# [Assigned task]
Below are some records. Write out the lines from the one containing "An unexpected medical" to the last line, word for word, leaving out pictures.

# [Records supplied]

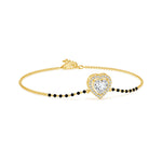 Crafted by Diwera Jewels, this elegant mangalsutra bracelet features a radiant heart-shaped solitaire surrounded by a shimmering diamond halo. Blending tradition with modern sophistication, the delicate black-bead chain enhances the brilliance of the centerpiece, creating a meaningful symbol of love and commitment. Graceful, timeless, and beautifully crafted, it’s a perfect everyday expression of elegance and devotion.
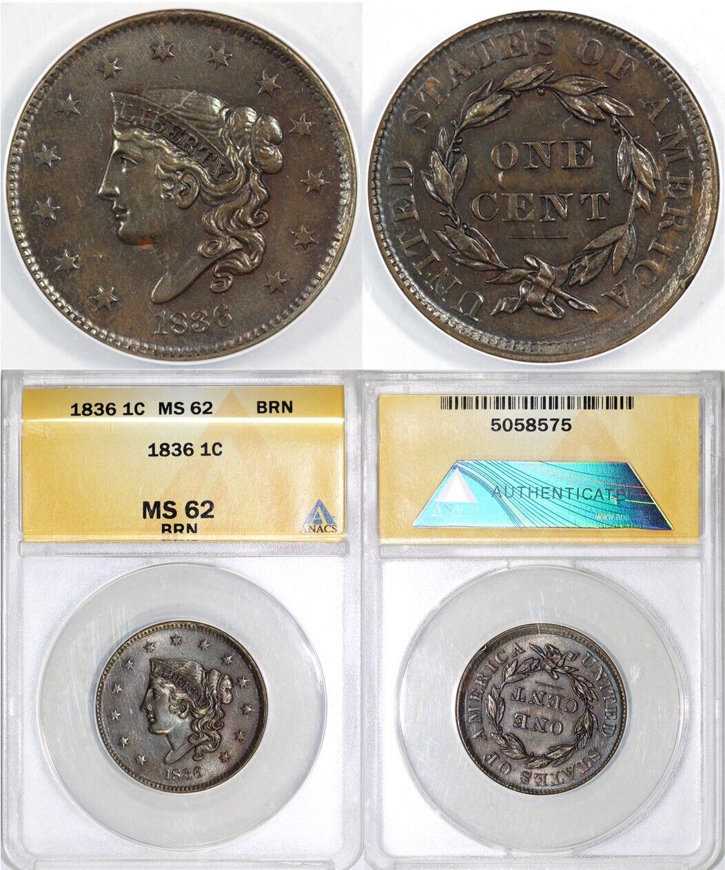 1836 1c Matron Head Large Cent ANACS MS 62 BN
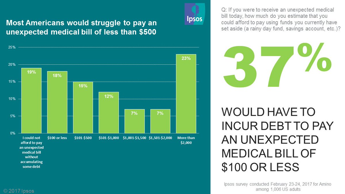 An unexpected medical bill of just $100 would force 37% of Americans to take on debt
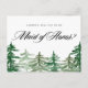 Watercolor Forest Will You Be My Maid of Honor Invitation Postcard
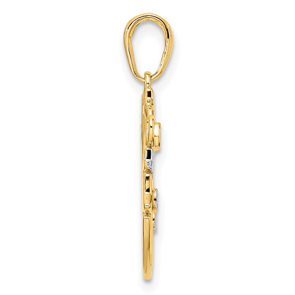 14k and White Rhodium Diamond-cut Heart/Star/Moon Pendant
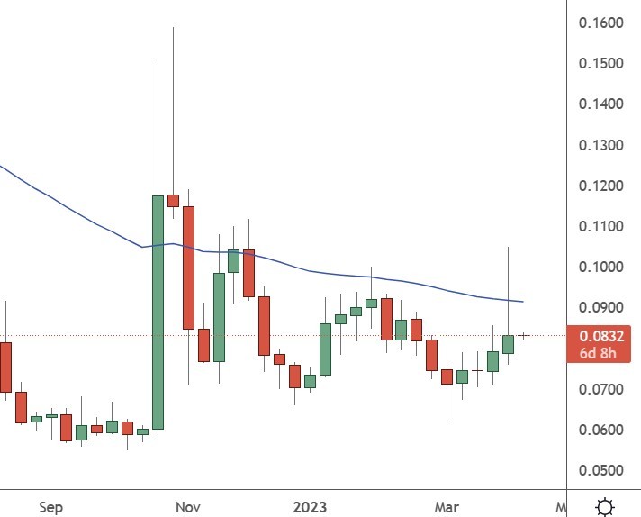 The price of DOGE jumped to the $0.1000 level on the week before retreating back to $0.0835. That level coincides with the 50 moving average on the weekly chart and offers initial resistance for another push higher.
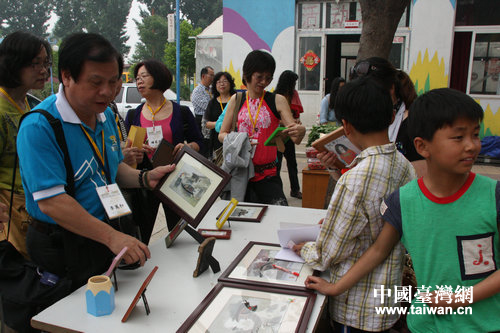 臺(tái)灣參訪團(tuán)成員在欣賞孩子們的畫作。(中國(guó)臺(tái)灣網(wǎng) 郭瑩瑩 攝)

# [Exercise response]
 An unexpected medical bill of just $100 would force 37% of Americans to take on debt
 Watercolor Forest Will You Be My Maid of Honor Invitation Postcard
 14k and White Rhodium Diamond-cut Heart/Star/Moon Pendant
 The price of DOGE jumped to the $0.1000 level on the week before retreating back to $0.0835. That level coincides with the 50 moving average on the weekly chart and offers initial resistance for another push higher.
 臺(tái)灣參訪團(tuán)成員在欣賞孩子們的畫作。(中國(guó)臺(tái)灣網(wǎng) 郭瑩瑩 攝)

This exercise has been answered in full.